PROBLEM TO SOLVE: Please repeat, exactly and without pictures, the lines of the entries below that run from the one containing "- MODERN DESIGN" through the one containing "El centro del".
--- PROVIDED ENTRIES Enclosed Below ---
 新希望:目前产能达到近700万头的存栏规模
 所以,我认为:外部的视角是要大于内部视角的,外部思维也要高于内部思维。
--- End of Enclosed PROVIDED ENTRIES ---
--- PROVIDED ENTRIES Enclosed Below ---
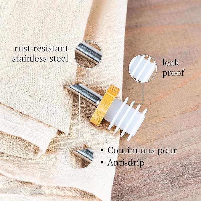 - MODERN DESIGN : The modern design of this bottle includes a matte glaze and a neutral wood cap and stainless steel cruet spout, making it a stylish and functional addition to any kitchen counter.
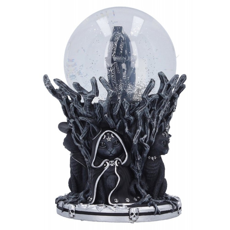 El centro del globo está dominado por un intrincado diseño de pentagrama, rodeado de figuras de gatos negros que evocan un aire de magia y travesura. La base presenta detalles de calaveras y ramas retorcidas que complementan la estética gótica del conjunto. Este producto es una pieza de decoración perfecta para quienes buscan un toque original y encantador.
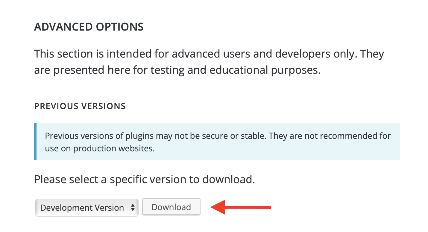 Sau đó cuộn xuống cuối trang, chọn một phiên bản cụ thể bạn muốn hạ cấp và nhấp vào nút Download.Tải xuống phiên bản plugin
--- End of Enclosed PROVIDED ENTRIES ---
--- PROVIDED ENTRIES Enclosed Below ---
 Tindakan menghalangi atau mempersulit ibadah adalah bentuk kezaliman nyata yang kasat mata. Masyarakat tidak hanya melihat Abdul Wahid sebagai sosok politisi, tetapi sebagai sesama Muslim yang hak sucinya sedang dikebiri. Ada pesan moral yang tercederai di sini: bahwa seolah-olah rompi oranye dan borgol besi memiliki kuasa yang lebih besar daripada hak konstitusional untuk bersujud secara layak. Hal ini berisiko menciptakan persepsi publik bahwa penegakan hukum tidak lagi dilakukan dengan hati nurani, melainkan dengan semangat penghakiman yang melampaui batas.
--- End of Enclosed PROVIDED ENTRIES ---
WORKED SOLUTION:
 - MODERN DESIGN : The modern design of this bottle includes a matte glaze and a neutral wood cap and stainless steel cruet spout, making it a stylish and functional addition to any kitchen counter.
 El centro del globo está dominado por un intrincado diseño de pentagrama, rodeado de figuras de gatos negros que evocan un aire de magia y travesura. La base presenta detalles de calaveras y ramas retorcidas que complementan la estética gótica del conjunto. Este producto es una pieza de decoración perfecta para quienes buscan un toque original y encantador.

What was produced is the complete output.